Now at this time my brother had just been born. My house was in a constant state of confusion. So it was easy to slip out and do things I wanted to do. X arranged to get a ride in her older brother’s car. It was decided that she and I would go and purchase the records. X held the money, but I already had a $5 bill and almost $2.80 in change. I was determined to get a copy of Parallel Lines.

X’s brother was a jerk. X declared him lame. True enough, he was playing the Mary MacGregor 8-Track as we drove to Albertsons. As she crooned about being torn between two lovers I innocently told X’s brother than my mother had this tape.
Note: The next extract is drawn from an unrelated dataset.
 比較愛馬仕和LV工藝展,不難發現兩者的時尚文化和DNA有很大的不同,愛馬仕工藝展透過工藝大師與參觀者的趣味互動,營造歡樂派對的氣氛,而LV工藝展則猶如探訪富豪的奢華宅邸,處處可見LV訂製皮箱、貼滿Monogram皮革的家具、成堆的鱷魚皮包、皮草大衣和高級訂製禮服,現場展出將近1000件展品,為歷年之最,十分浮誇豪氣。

X started laughing and slipped her hand back for me to give her “five.”

Like only a little sister can, she leaned forward to her brother and teased, “Wow, you are sooooo cool! Matty’s mom likes this too!
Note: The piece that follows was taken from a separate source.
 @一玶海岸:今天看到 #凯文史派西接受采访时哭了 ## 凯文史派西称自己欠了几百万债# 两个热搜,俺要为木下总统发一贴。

X’s brother exhaled, ripped the tape out and replaced it with a Leo Sayer 8-Track. This reaction made both X and me laugh.

Blondie Parallel Lines, 1978 Photograph | Edo Bertoglio

Blondie
Parallel Lines, 1978
Photograph | Edo Bertoglio

We rushed into the side entrance of Albertsons past the huge magazine and book racks and went straight to the shiny new Record Department. I grabbed my copy of Parallel Lines as X grabbed several copies of each album. I rushed to the cashier stand. The lady rang me up. I paid her. She then took out a box-cutter and sliced the shrink wrap open and placed a huge blue “Albertsons” sticker on my valued treasure! I was outraged!
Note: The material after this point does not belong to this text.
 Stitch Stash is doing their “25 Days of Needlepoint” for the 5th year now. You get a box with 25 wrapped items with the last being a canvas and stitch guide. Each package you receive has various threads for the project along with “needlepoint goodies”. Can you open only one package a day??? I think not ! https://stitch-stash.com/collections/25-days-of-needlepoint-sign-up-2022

“No! I don’t want that sticker!”

“Sorry, Kid-O. Store policy.”

X stood up for me, “Hey, he paid for that and you’re ruining the record!”

“Hon, it’s just a sticker. That way we know it was paid for.”

X stood her ground. “He doesn’t want that record now. He wants a different copy without your lame sticker. He is paying. We are going to leave right after you ring me up.”

“Look, Miss Smarty-Pants, any record anybody buys here is going to get a sticker on it! Now you stop giving me lip, Missy!”

X signaled for me to take my “damaged” album. She handed her slew to the bitch behind the counter.

“My oh my! This is a lot of records!”

The demented shrew proceeded to slash the shrink wrap and place the blue sticker on each copy. She even tore the Stones’ specially designed album cover’s cut-outs. But she didn’t pay attention to X’s protests.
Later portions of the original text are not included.